Anlotinib, a novel multitarget tyrosine kinase inhibitor (TKI) developed in China, inhibits the VEGF receptors 1–3, FGF receptors 1–4, EGF receptor, PDGF receptor, c-kit and c-Met to achieve anti-cancer effect through anti-angiogenesis, regulating tumor microenvironment and promoting tumor cell apoptosis (13,14). Anlotinib has been approved for treating non-small cell lung cancer, small cell lung cancer, and soft tissue sarcoma in China (15-17). A phase II, single-arm, prospective study showed that the objective response rate (ORR) and disease control rate (DCR) of anlotinib were 24.4% and 58.5% in Chinese patients with recurrent or metastatic cervical cancer (18). A phase II clinical trial by Wei et al. demonstrated robust therapeutic benefits of anlotinib plus sintilimab [anti-programmed death-1 (anti-PD-1) antibody] in endometrial cancer with an ORR of 73.9% and DCR of 91.3% (19). Given the heterogeneity between real-world practice and clinical trials, and among different centers, we retrospectively investigated the efficacy and safety of anlotinib in cervical and endometrial cancers in our center.

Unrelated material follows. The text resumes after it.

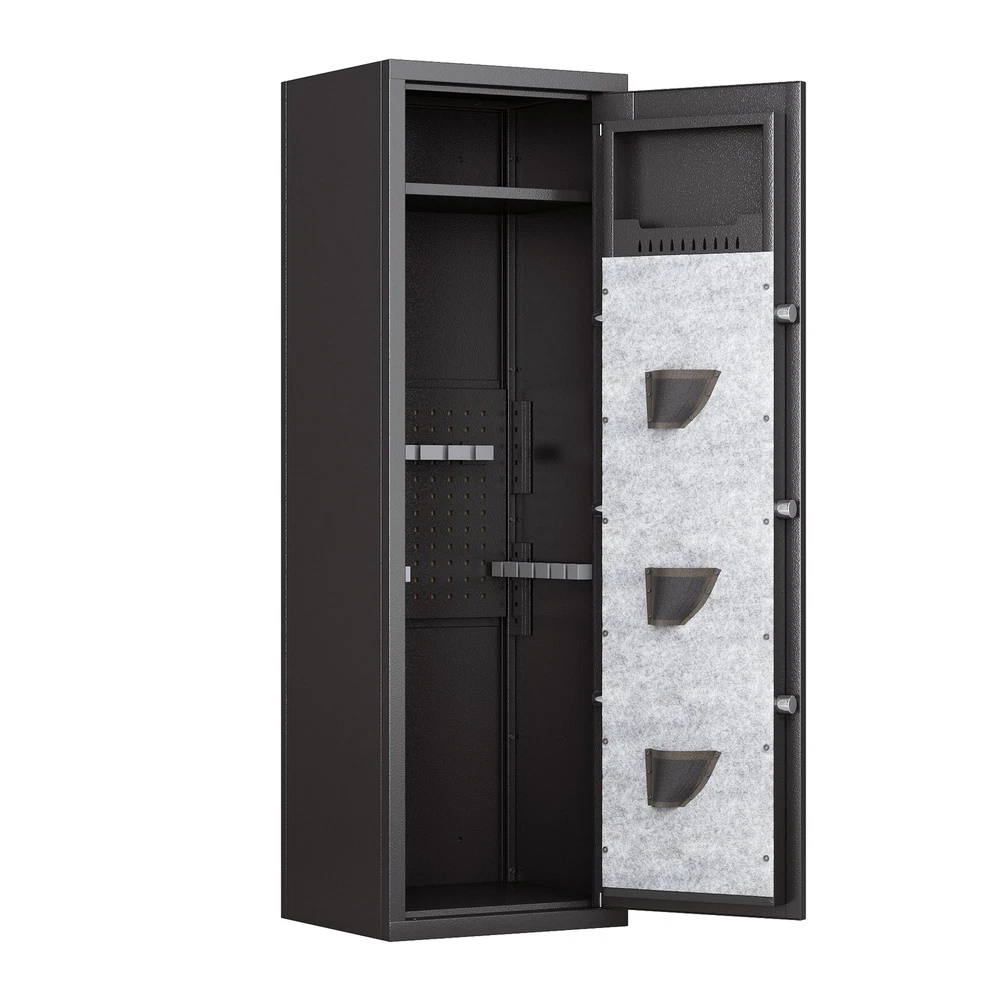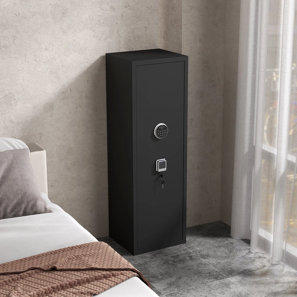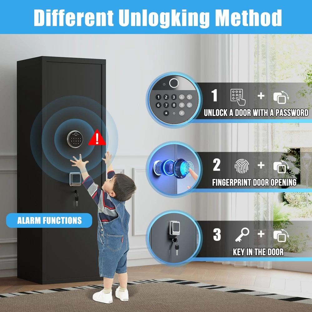 Specifications Place of Origin China Main Color Black Main Material Metal Filler Metal Product Style Classic Use Case Primary Living Space Dangerous Goods #dangerFlag# Dimensions & Weights Assembled Length (in.) 17.71 Assembled Width (in.) 15.74 Assembled Height (in.) 55.10 Weight (lbs) 77.38 Product Features Our gun cabinets have three ways of unlocking:1.Fingerprint unlocking 2.Password unlock 3.Key unlocking , preventing unwanted guests from accessing your firearms and valuables. High quality materials, the gun cabinet is made of thickened steel and has a pry alarm function. The gun cabinet is simple and beautiful, with flannelette, which can prevent the wear and tear of firearms or valuables items. The multi-purpose rifle safe is equipped with a detachable gun rack inside, which can be adjusted and arranged according to the length of the rifle. The safe door comes with ammunition storage and three handgun organizer pockets to help you save more storage space. Easy to install, we are equipped with detailed installation instructions for quick and accurate installation completion. Description

We present this article in accordance with the STROBE reporting checklist (available at https://tcr.amegroups.com/article/view/10.21037/tcr-24-272/rc).

Methods

Patients and treatments

In this study, we retrospectively enrolled patients with pathological or cytological confirmed persistent, recurrent or metastatic cervical and endometrial cancers receiving anlotinib as second- or later-line treatment in the General Hospital of Chinese People’s Liberation Army (PLA) between March 2020 and June 2023. The inclusion criteria were as follows: pathological or cytological confirmed persistent, recurrent or metastatic cervical and endometrial cancers, Eastern Cooperative Oncology Group performance status (ECOG PS) of 0–2, at least one measurable lesion. The exclusion criteria were as follows: high bleeding risk, serious autoimmune diseases, grade III hypertension, cardiac insufficiency, gastrointestinal dysfunction, intestinal obstruction, failed to be followed up, incomplete clinical information, no measurable lesion. The study was conducted in accordance with the Declaration of Helsinki (as revised in 2013). This study was approved by the Ethics Committee of General Hospital of Chinese PLA (No. S2021-553-01), the informed consent was waived according to the nature of retrospective study. The demographic and clinical characteristics, such as age, gender, diagnosis, stage, pathology subtypes, presence of liver or brain metastasis, ECOG PS, previous treatment lines and regimens, laboratory and radiological data and adverse events (AEs) were summarized.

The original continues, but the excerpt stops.